Quem pagará o enterro e as flores
Se eu me morrer de amores?
Quem, dentre amigos, tão amigo
Para estar no caixão comigo?
Quem, em meio ao funeral,
Dirá de mim: - Nunca fez mal...
Quem, bêbado, chorará em voz alta
De não me ter trazido nada?
Quem virá despetalar pétalas
No meu túmulo de poeta?
Quem jogará timidamente
Na terra um grão de semente?
Quem elevará o olhar covarde
Até a estrela da tarde?
Quem me dirá palavras mágicas
Capazes de empalidecer o mármore?
Quem, oculta em véus escuros,
Se crucificará nos muros?
Quem, macerada de desgosto,
Sorrirá: - Rei morto, rei posto...
Quantas, debruçadas sobre o báratro,
Sentirão as dores do parto?
Qual a que, branca de receio,
Tocará o botão do seio?
Quem, louca, se jogará de bruços
A soluçar tantos soluços
Que há de despertar receios?
Quantos, os maxilares contraídos,
O sangue a pulsar nas cicatrizes,
Dirão: - Foi um doido amigo...
Quem, criança, olhando a terra
Ao ver movimentar-se um verme,
Observará um ar de critério?
Quem, em circunstância oficial,
Há de propor meu pedestal?
Quais os que, vindos da montanha,
Terão circunspecção tamanha
Que eu hei de rir branco de cal?
Qual a que, o rosto sulcado de vento,
Lançará um punhado de sal
Na minha cova de cimento?
Quem cantará canções de amigo
No dia do meu funeral?
Qual a que não estará presente
Por motivo circunstancial?
Quem cravará no seio duro
Uma lâmina enferrujada?
Quem, em seu verbo inconsútil,
Há de orar: - Deus o tenha em sua guarda.

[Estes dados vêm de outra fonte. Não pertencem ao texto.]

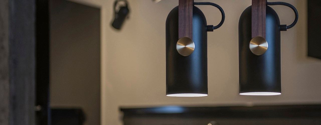 Светильники изготовлены из алюминия, ореха и латуни, что обеспечивает долговечность и стильный внешний вид.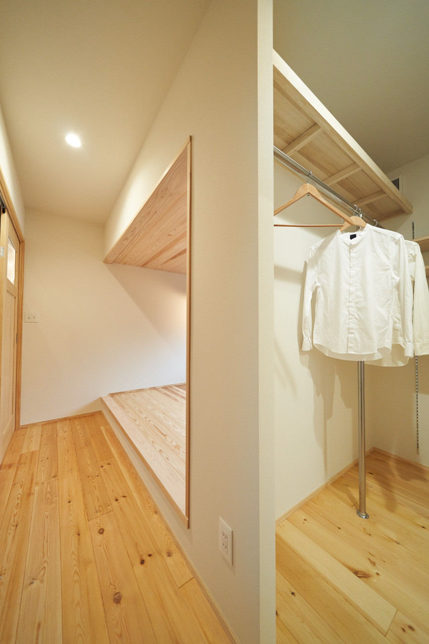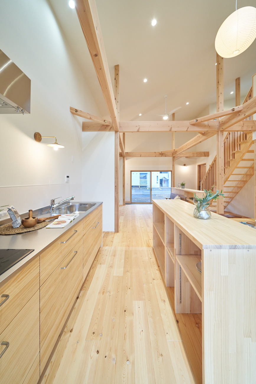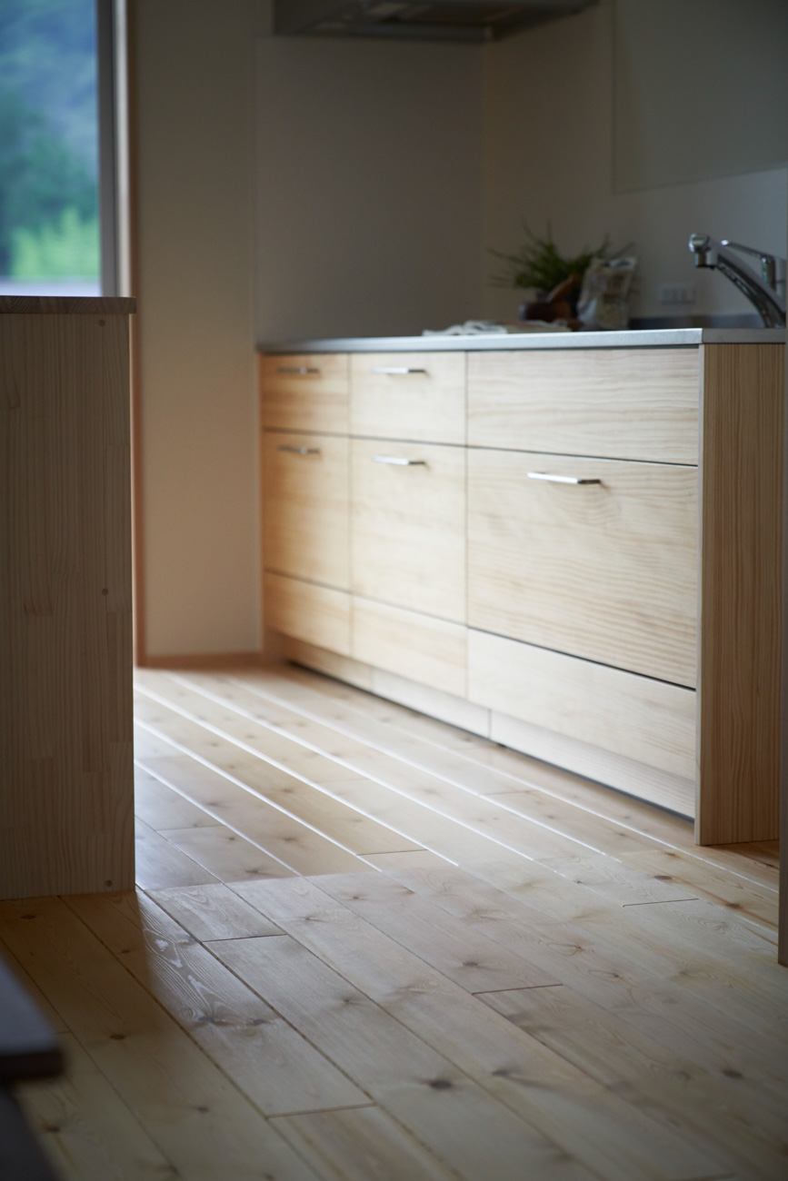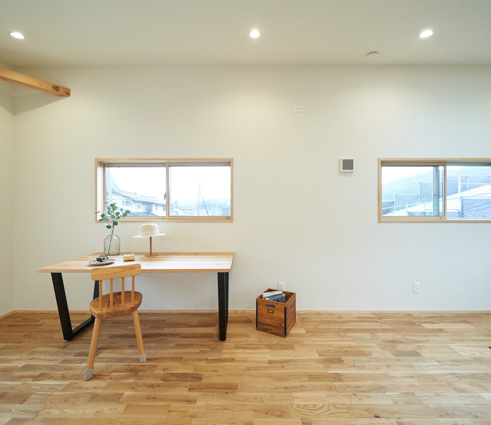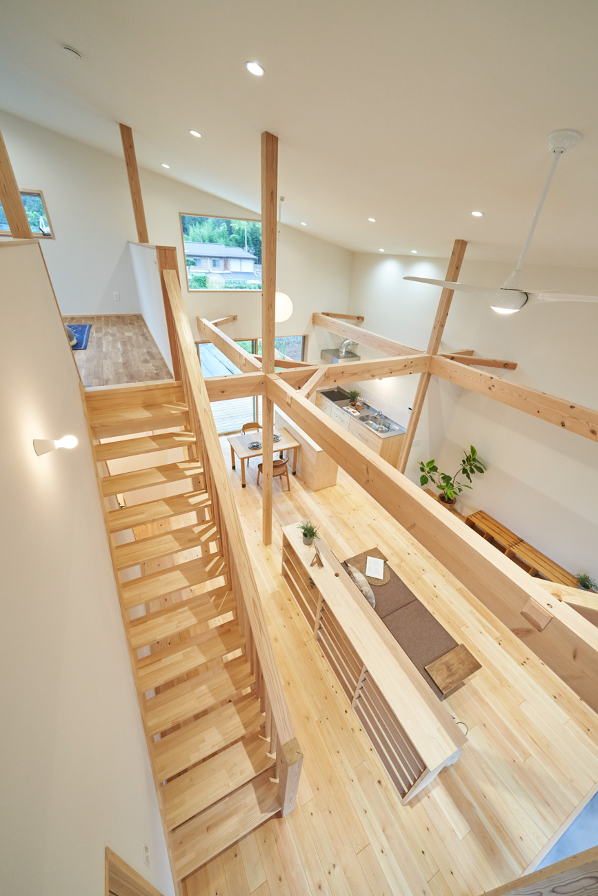吹き抜けでつながる上下階一体の大空間。使い方様々な広い土間。心地よくまどろむヌックスタイルの寝室。ぐるりと動きやすい回遊動線。シンプルなプランに、機能性とこだわりと余白を心地よくミックスした平屋スタイルのお住まいです。 大開放の吹き抜けリビング 圧倒される大きな吹き抜けでつながる上下階。1Fで暮らしが完結する平屋スタイルでシンプルにプランニングされています。土地の特徴を活かし、近隣の長閑な風景を大きく切り取る窓の配置で、家中に外光と風を届けてくれます。玄関の土間は通り土間のように広く、モルタルのシンプルな仕上げに。 造作でキッチンとリビングに棚を制作。備え付けのため、地震などにも倒れることがないので安心。 吹き抜けでつながるフリースペース 2階は広い仕事部屋。家族の変化に伴って、個室として利用することも。トップライトをつけて明るさを。 かわうそが住むヌックベッド コの字に杉のパネリングで装ったヌックスタイルの寝室は居心地抜群。かわいいカワウソ家族の照明が照らしてくれます。 機能性を集約した回遊動線 ダイニングから寝室を通ってリビングへ回遊できる動線。動線上には手洗い・洗面・浴室・ランドリースペース・オープンクローゼットと、機能設備が並んでいて、家事でのアクションがコンパクトに。

Qual o amigo que a sós consigo
Pensará: - Não há de ser nada...
Quem será a estranha figura
A um tronco de árvore encostada
Com um olhar frio e um ar de dúvida?
Quem se abraçará comigo
Que terá de ser arrancada?
Quem vai pagar o enterro e as flores
Se eu me morrer de amores?
Vinicius de Moraes
(Marcus Vinicius da Cruz de Mello Moraes, que há quem diga que morreu no dia 9 de Julho de 1980. Boémio, uisqueiro, fumador e mulherengo, casou nove vezes que se saiba por cá. E não se sabe se parou. Saravá!)